The share of the GBP/USD currency pair rebounded to the resistance level of 1.3833 to record the fourth consecutive day of gains. It settled around the 1.3815 level at the time of writing the analysis. Sterling's gains came as a natural response to the announcement of a daily decrease in virus cases for the fifth consecutive day. The UK recorded 29,173 new infections on Sunday, down from 48,161 last week. British Prime Minister Boris Johnson said that while the casualties were encouraging, the UK was "not out of the woods yet".
The prime minister warned that the effect of ending the legal restrictions was not yet visible.
Bank of England policymaker Gertjan Flegg noted that the current monetary stimulus should continue for at least several quarters, and possibly longer. “When the tightening becomes appropriate, I think not much of it will be needed, given the low level of the neutral rate,” he said in a speech to the London School of Economics.
The exchange rate of the pound against the dollar fluctuated last week and now risks are becoming confined to a much lower trading range.
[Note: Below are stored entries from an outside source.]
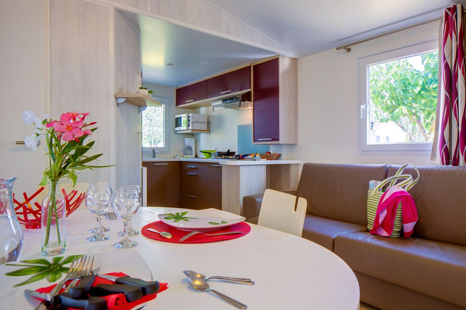 31 m² environ, séjour canapé-lit 2 personnes, chambre 1 lit 2 personnes, chambre 2 lits 1 personne. Terrasse bois fermée en hauteur avec salon de jardin et bains de soleil.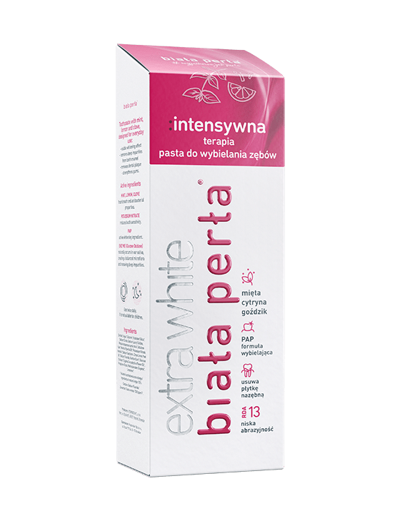Pasta do wybielania zębów Biała Perła INTENSYWNA TERAPIA PLUS to najmocniejsza pasta wybielająca do codziennego stosowania z serii Biała Perła.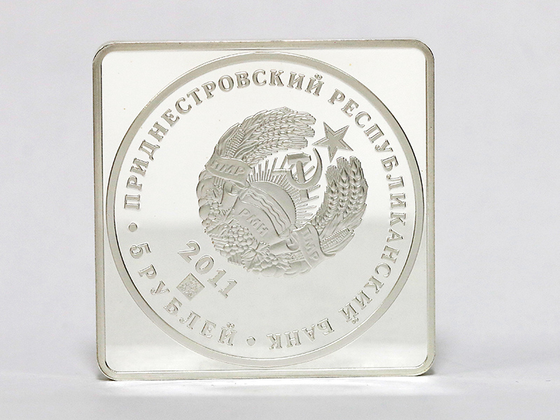 "Summer". The reverse: : At centre an image in a circle of a Years landscape in colour. From left to right inscription "ВРЕМЕНА ГОДА В ПРИДНЕСТРОВЬЕ" (SEASONS IN Pridnestrovie). Below inscription "ВЕСНА" (SPRING). On angles of guadrate - image vernal flower. "Autumn". Denomination: 5 roubles The obverse: At centre - image of the State Emblem Pridnestrovian Moldavian Republic. On a circle of an inscription in Russian: above - "ПРИДНЕСТРОВСКИЙ РЕСПУБЛИКАНСКИЙ БАНК" (Pridnestrovian REPUBLICAN BANK), below - "5 РУБЛЕЙ" (5 ROUBLES). At the bottom under the arms a year issue coins - "2011", trade mark of the manufacturer, label of metal, test of an alloy, mass. The reverse: At centre an image in a circle of a Years landscape in colour. From left to right inscription "ВРЕМЕНА ГОДА В ПРИДНЕСТРОВЬЕ" (SEASONS IN Pridnestrovie). Below inscription "ОСЕНЬ" (AUTUMN). On angles of guadrate - image an autumnal leaf. The obverse: At centre - image of the State Emblem Pridnestrovian Moldavian Republic. On a circle of an inscription in Russian: above - "ПРИДНЕСТРОВСКИЙ РЕСПУБЛИКАНСКИЙ БАНК" (Pridnestrovian REPUBLICAN BANK), below - "5 РУБЛЕЙ" (5 ROUBLES). At the bottom under the arms a year issue coins - "2011", trade mark of the manufacturer, label of metal, test of an alloy, mass. The reverse: At centre an image in a circle of a Years landscape in colour. From left to right inscription "ВРЕМЕНА ГОДА В ПРИДНЕСТРОВЬЕ" (SEASONS IN Pridnestrovie). Below inscription "ЗИМА" (WINTER). On angles of guadrate - image snow-flake. |

Over the coming days the outcome depends on the market reading of the Fed's decision tomorrow Wednesday and the reaction from the results of other important economic data. According to the latest performance, the British pound fell briefly to a year-to-date loss against the dollar during an early sell-off last week and was unable to convincingly regain its ground before the weekend. This pushed the GBP/USD pair to open the new week a little below 1.3750 support.
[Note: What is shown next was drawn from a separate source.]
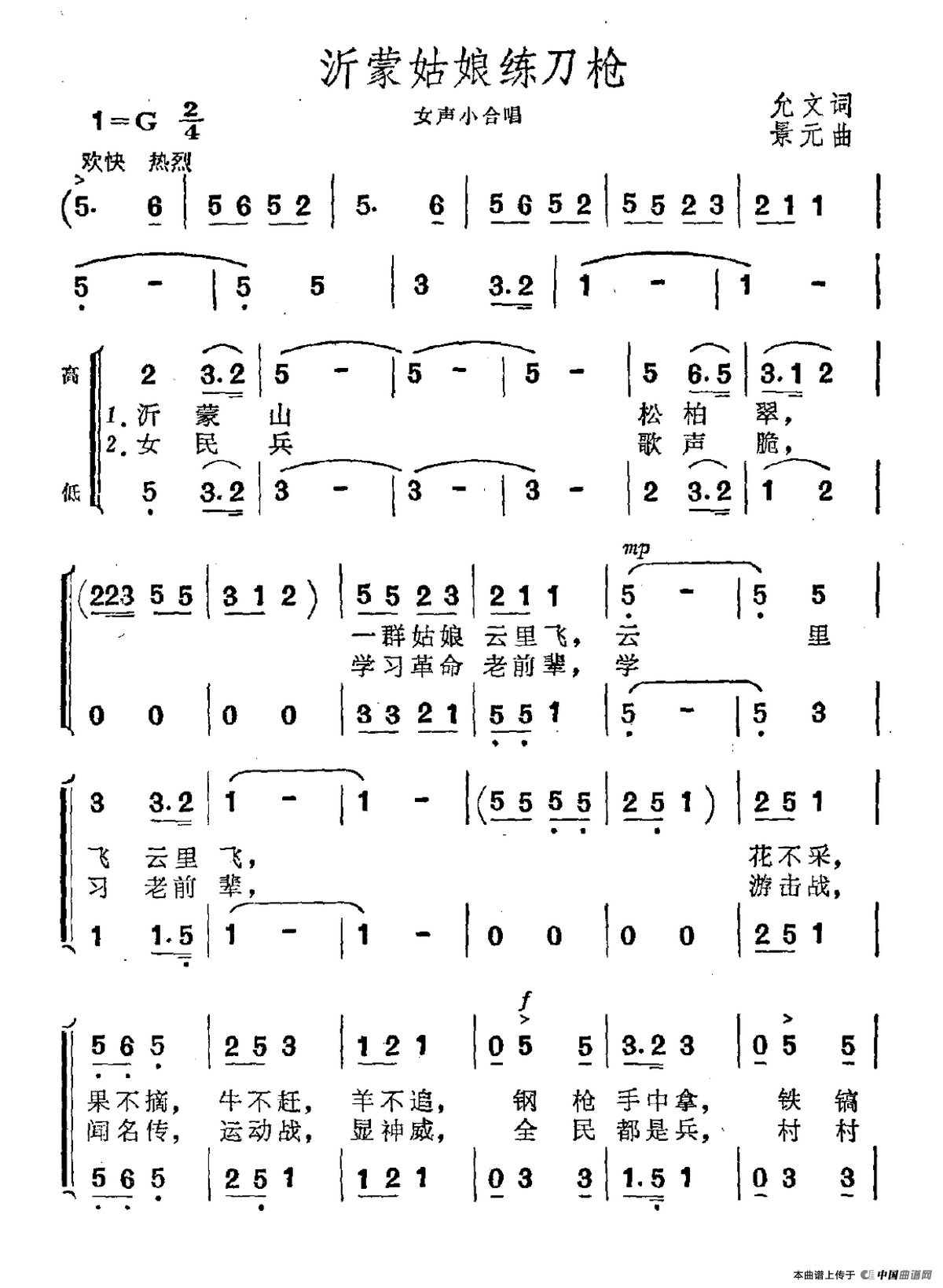 沂蒙姑娘练刀枪(女声小合唱)合唱谱

Sterling now faces technical resistance around 1.3830 and a further rise at 1.3912 on any long-term bounce, which may require a bearish dollar reading for the looming Fed decision or US GDP and inflation numbers expected during the latter half of the week in order to materialize. Commenting on the future performance of the sterling dollar pair. “Above 1.3749 suggests that recovery could extend further to 1.3791, with 1.3830/40 levels needed to be maximized in order to maintain the top and our bearish tactical expectations,” says David Sneddon, Head of Technical Analysis at Credit Suisse.
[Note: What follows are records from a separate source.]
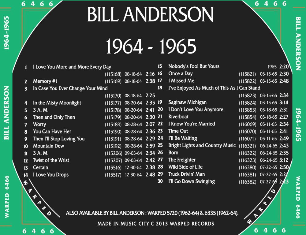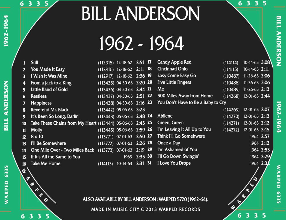 Bill Anderson’s Singles mit Details (Matrix etc.) bis 1963: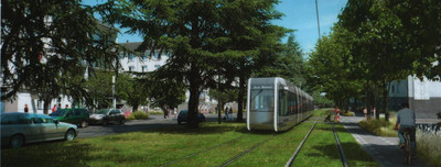 Et elle continuera à se transformer dans le même sens, car le tramway sert de tremplin à une intensification de ces méthodes. Le Plan Local d'Urbanisme (PLU) en préparation définit un couloir de 400 mètres de chaque côté du tramway où l'habitat sera "densifié", avec des règles permettant de construire davantage, au détriment bien sûr de la nature. Ainsi quelques grandes tours sont prévues, notamment une à côté de la gare. Croyez-vous que tout le monde prendra le tramway pour aller dans cette tour ? Non, bien sûr, le trafic automobile sera encore plus congestionné...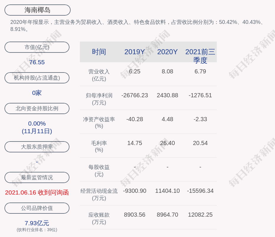 2020年年报显示,海南椰岛的主营业务为贸易收入、酒类收入、特色食品饮料,占营收比例分别为:50.42%、40.43%、8.91%。

Sneddon adds: “We see support at 1.3690 initially, and below it should see a return to 1.3643/49, as this is seen as an incentive to retest 1.3571/67.” All in all, there is little major data expected from the UK during this week, leaving the dollar and international factors to be the factors influencing a busy period in the US calendar, the most prominent of which is the Federal Reserve's decision tomorrow Wednesday.
According to the technical analysis of the pair: On the chart of the daily time frame, there is a clear breakout of the downward trend of the GBP/USD currency pair. A complete exit from the channel requires stronger control for the bulls to move towards the 1.4000 psychological resistance. As mentioned before, the sterling will be subject to reports on the number of cases of infection with the Corona virus, with the country abandoning all restrictions.
The bears' control will return to the performance of the currency pair if it returns to the vicinity of the support levels 1.3750, 1.3680 and 1.3600, respectively. Amid the economic calendar devoid of important British data for the second day in a row. The currency pair will be affected today by the announcement of durable goods orders and then the announcement of the US consumer confidence index.